(Given material)
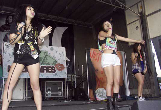 Millionaires @ Warped Tour
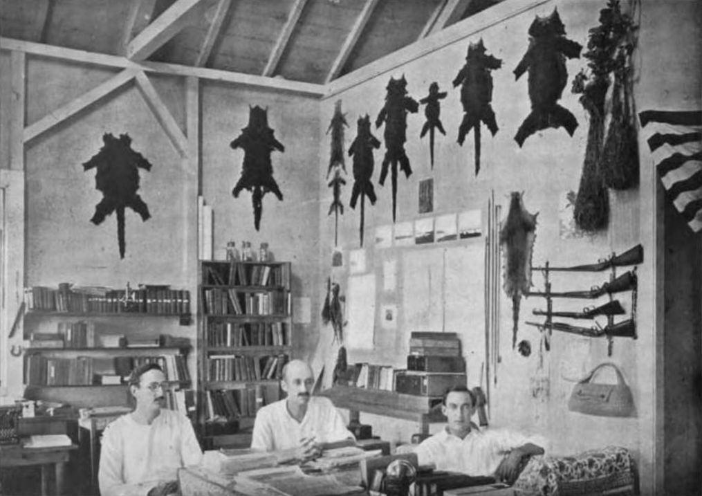 Paul Griswold Howes, William Beebe, and George Inness Hartley in the laboratory of Kalacoon, their tropical research station in British Guiana.
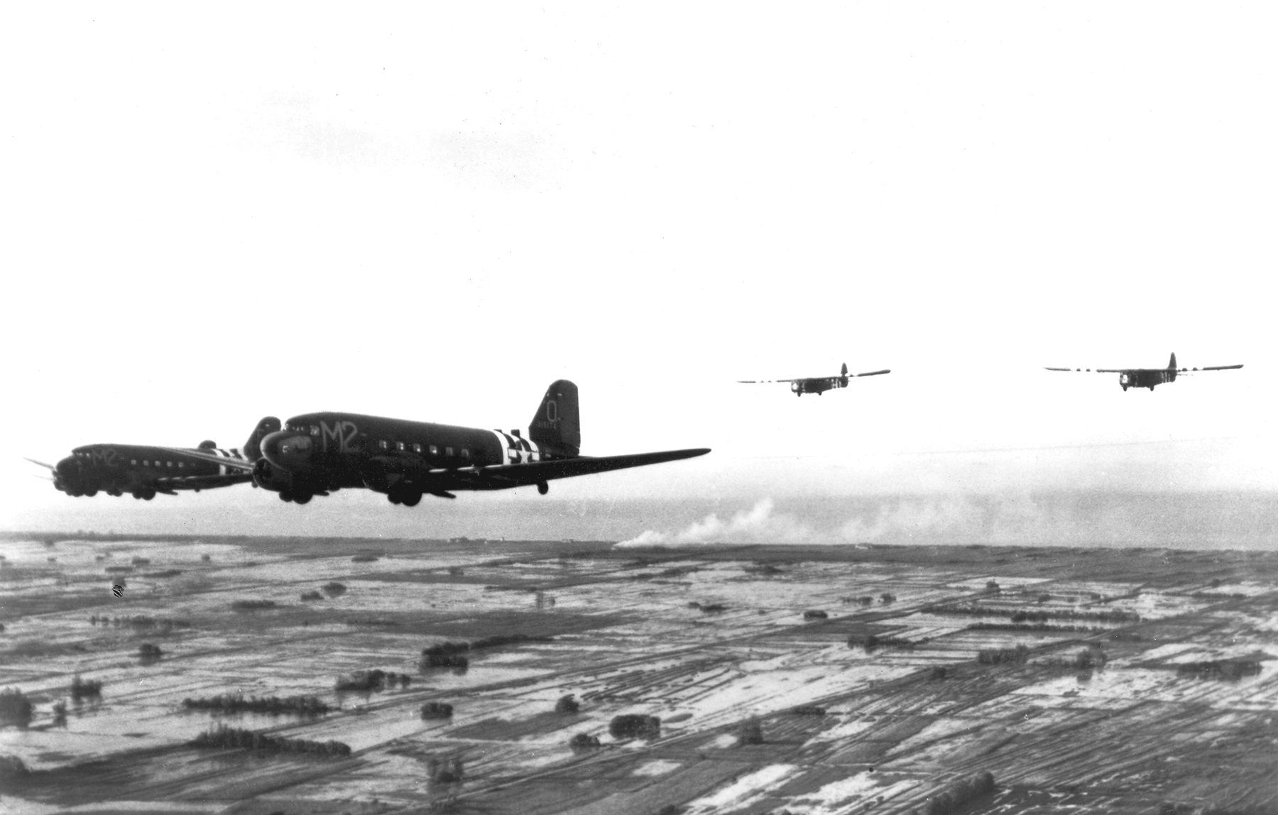 U.S. Army Air Forces Douglas C-47A Skytrain (43-15174 in front) from the 88th Troop Carrier Squadron, 438th Troop Carrier Group, 53rd Troop Carrier Wing, 9th Troop Carrier Command, tow Waco CG-4A gliders during the invasion of France in June 1944. On 6 June 1944, the squadron dropped the 101st Airborne Division's 502d Parachute Infantry Regiment soon after midnight in the area northwest of Carentan, France. Glider-borne reinforcement missions followed, carrying weapons, ammunition, rations, and other supplies. The Douglas C-47B-15-DK, s/n 43-49507 (c/n 26768), is today on display at the National Museum of the U.S. Air Force, painted as 43-15174 of the 88th TCS. 43-49507 was the last C-47 in USAF service and was retired at the museum on 30 June 1975 with a total of 20,821 hours flying time.
(End Given material)
■ **Exercise details**
Please, without any of the pictures, set down exactly the lines from the beginning of the listing to the line that contains "Paul Griswold Howes, William", inclusive.

■ **Result of this exercise**
 Millionaires @ Warped Tour
 Paul Griswold Howes, William Beebe, and George Inness Hartley in the laboratory of Kalacoon, their tropical research station in British Guiana.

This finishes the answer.